(Beginning of Data under study)

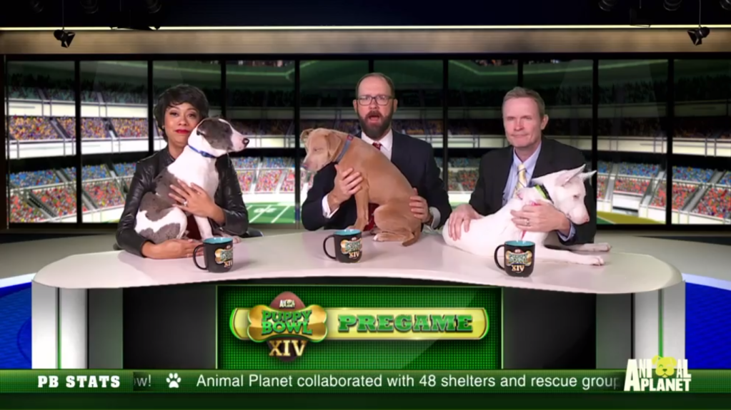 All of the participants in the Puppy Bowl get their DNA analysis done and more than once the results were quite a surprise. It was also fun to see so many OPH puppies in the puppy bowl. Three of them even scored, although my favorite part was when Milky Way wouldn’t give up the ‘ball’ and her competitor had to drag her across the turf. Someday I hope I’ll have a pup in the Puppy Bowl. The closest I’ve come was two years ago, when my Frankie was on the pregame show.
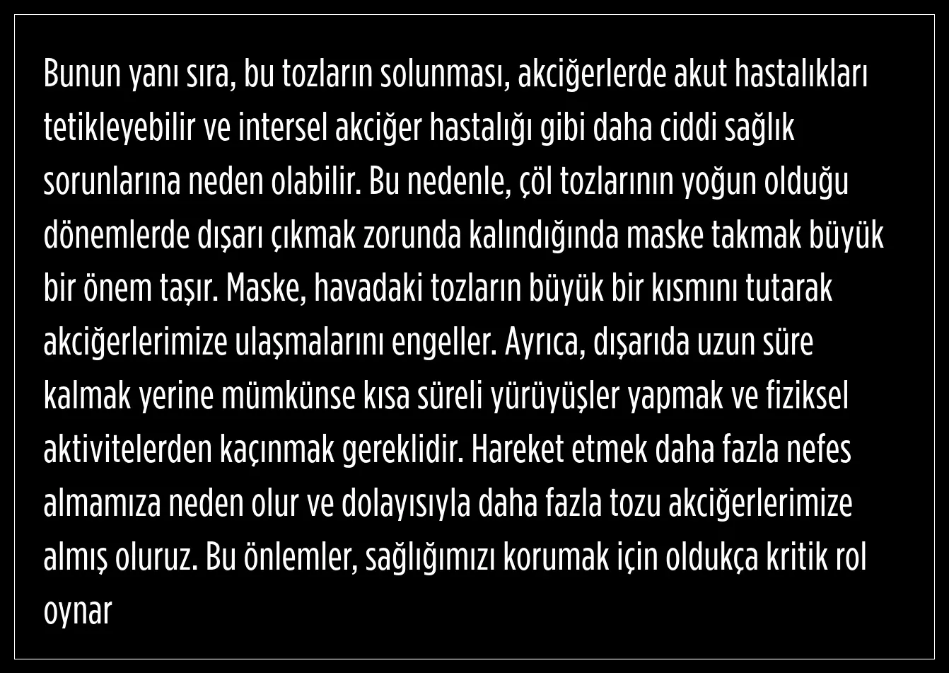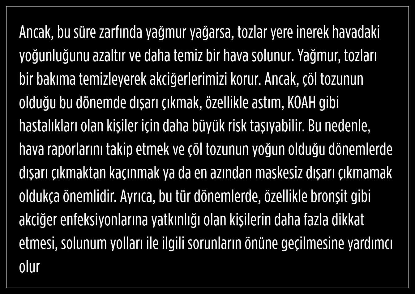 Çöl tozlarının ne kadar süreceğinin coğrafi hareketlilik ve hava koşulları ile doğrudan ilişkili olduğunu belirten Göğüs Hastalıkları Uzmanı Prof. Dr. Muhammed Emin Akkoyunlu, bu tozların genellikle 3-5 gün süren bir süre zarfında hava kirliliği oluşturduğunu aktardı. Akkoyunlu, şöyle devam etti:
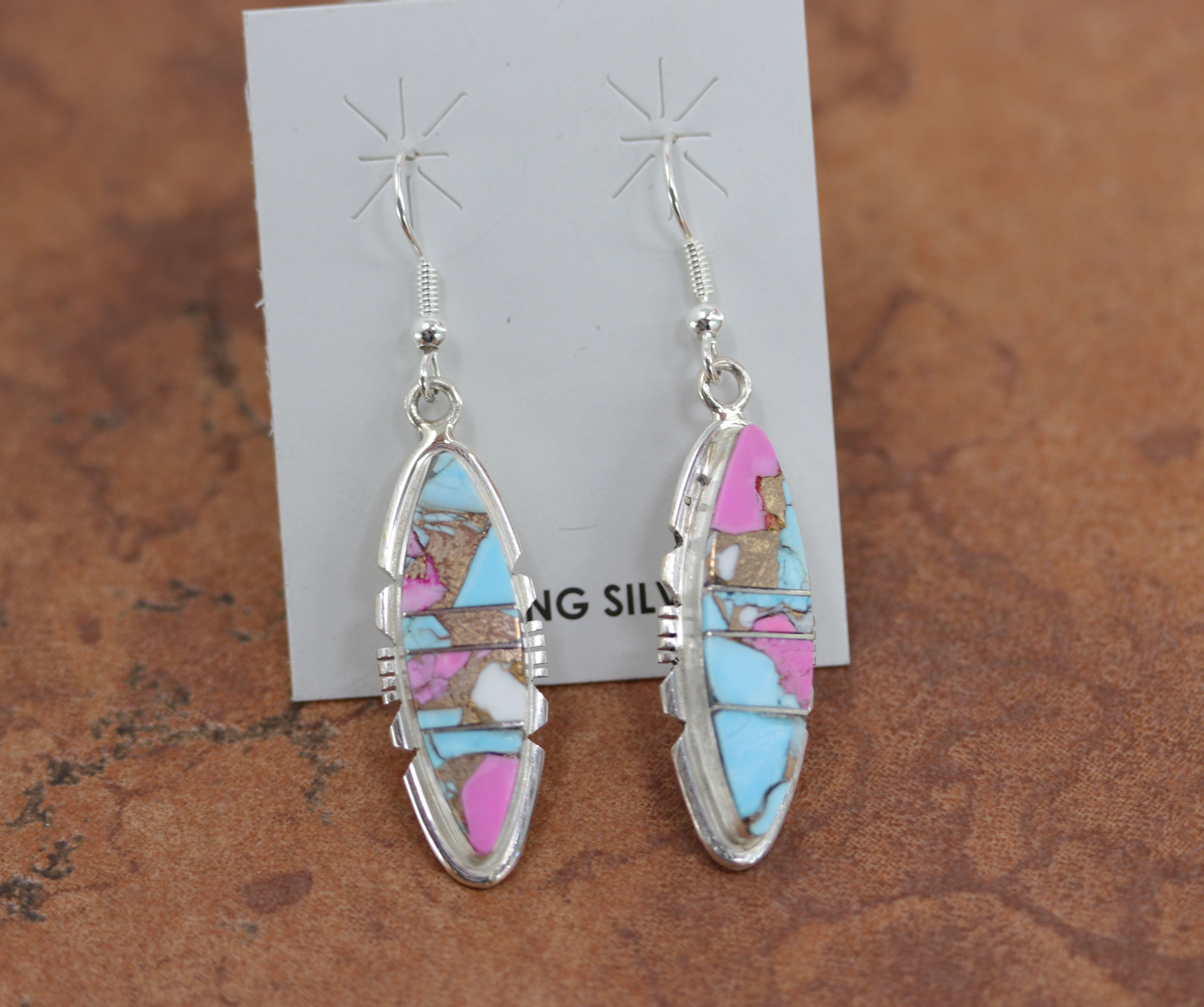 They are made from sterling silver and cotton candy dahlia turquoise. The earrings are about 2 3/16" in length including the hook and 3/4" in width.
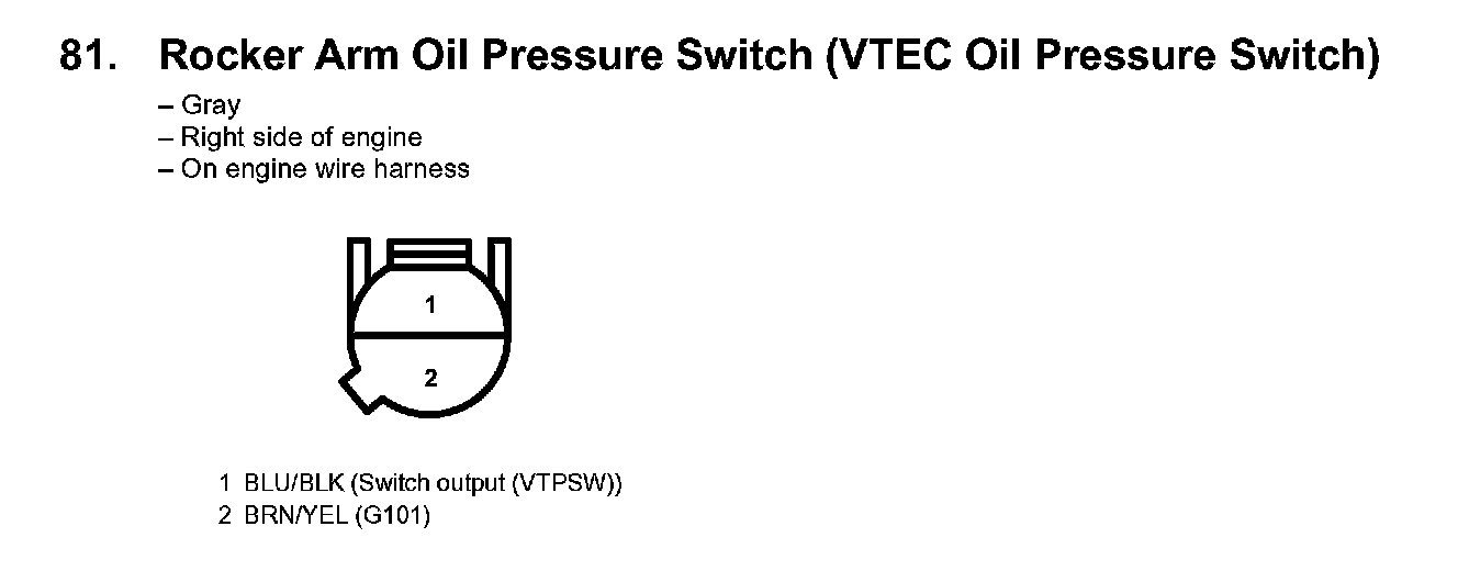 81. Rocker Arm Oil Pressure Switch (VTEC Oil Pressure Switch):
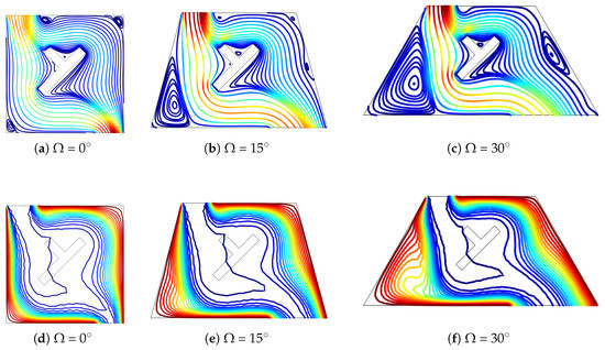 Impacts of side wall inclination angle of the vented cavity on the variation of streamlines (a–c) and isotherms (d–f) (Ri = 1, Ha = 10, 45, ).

(End of Data under study)
(Beginning of Data under study)

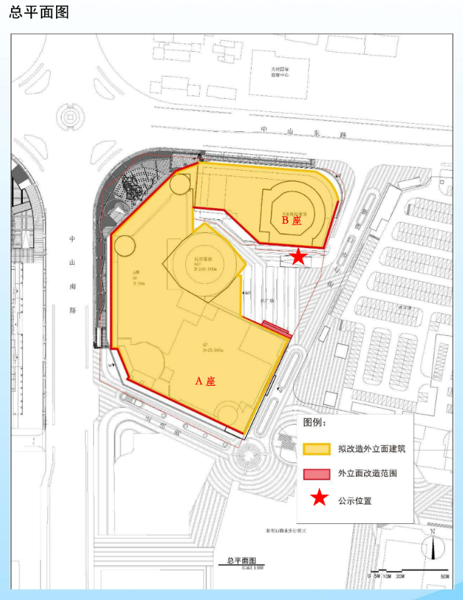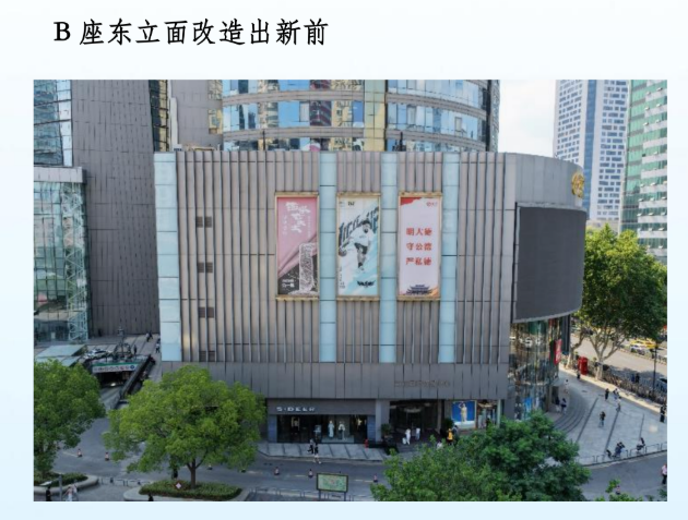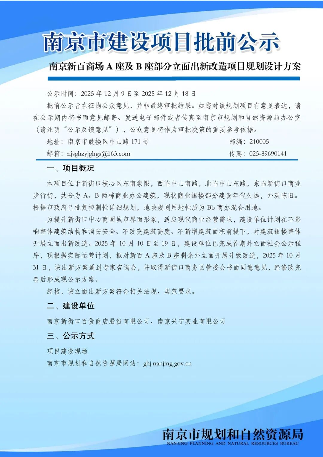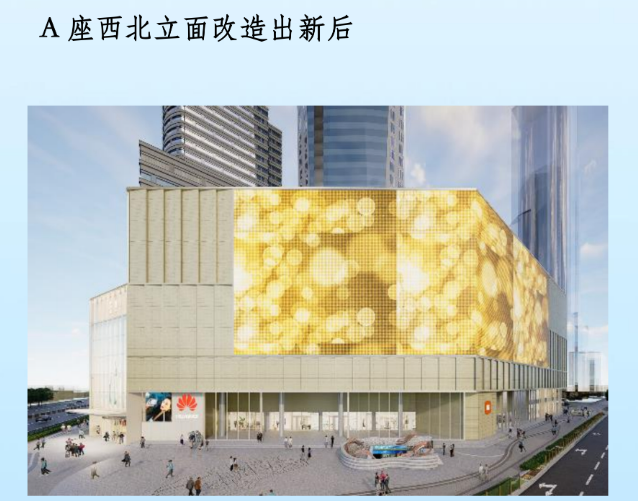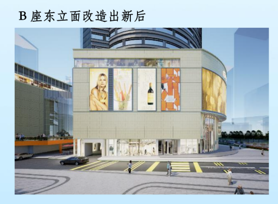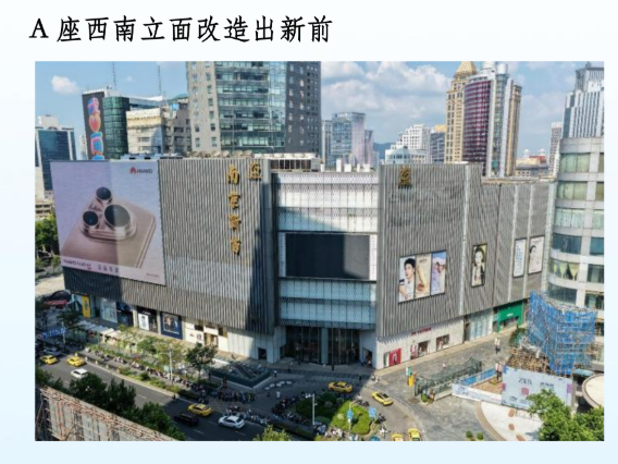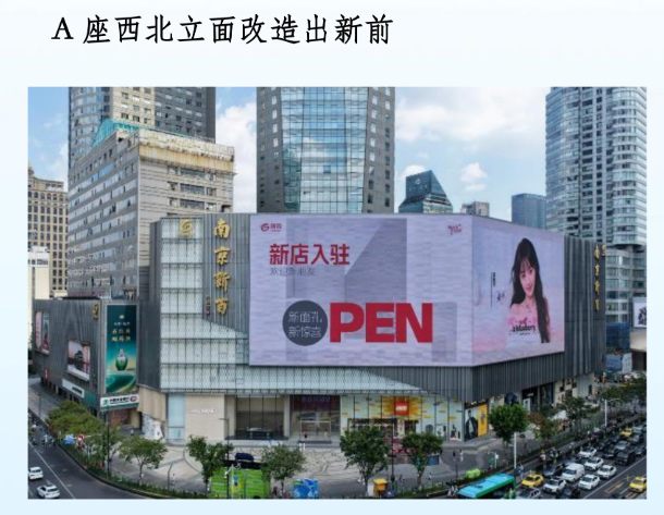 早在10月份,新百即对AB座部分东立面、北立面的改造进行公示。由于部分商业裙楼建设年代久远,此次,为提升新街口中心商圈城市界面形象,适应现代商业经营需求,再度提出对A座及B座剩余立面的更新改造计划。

(End of Data under study)

* _Assigned task_:
Write out word for word the lines above that run from the one with "All of the participants" to the one with "Impacts of side". Include both end lines; exclude the images.

* _Response_:
 All of the participants in the Puppy Bowl get their DNA analysis done and more than once the results were quite a surprise. It was also fun to see so many OPH puppies in the puppy bowl. Three of them even scored, although my favorite part was when Milky Way wouldn’t give up the ‘ball’ and her competitor had to drag her across the turf. Someday I hope I’ll have a pup in the Puppy Bowl. The closest I’ve come was two years ago, when my Frankie was on the pregame show.
 Çöl tozlarının ne kadar süreceğinin coğrafi hareketlilik ve hava koşulları ile doğrudan ilişkili olduğunu belirten Göğüs Hastalıkları Uzmanı Prof. Dr. Muhammed Emin Akkoyunlu, bu tozların genellikle 3-5 gün süren bir süre zarfında hava kirliliği oluşturduğunu aktardı. Akkoyunlu, şöyle devam etti:
 They are made from sterling silver and cotton candy dahlia turquoise. The earrings are about 2 3/16" in length including the hook and 3/4" in width.
 81. Rocker Arm Oil Pressure Switch (VTEC Oil Pressure Switch):
 Impacts of side wall inclination angle of the vented cavity on the variation of streamlines (a–c) and isotherms (d–f) (Ri = 1, Ha = 10, 45, ).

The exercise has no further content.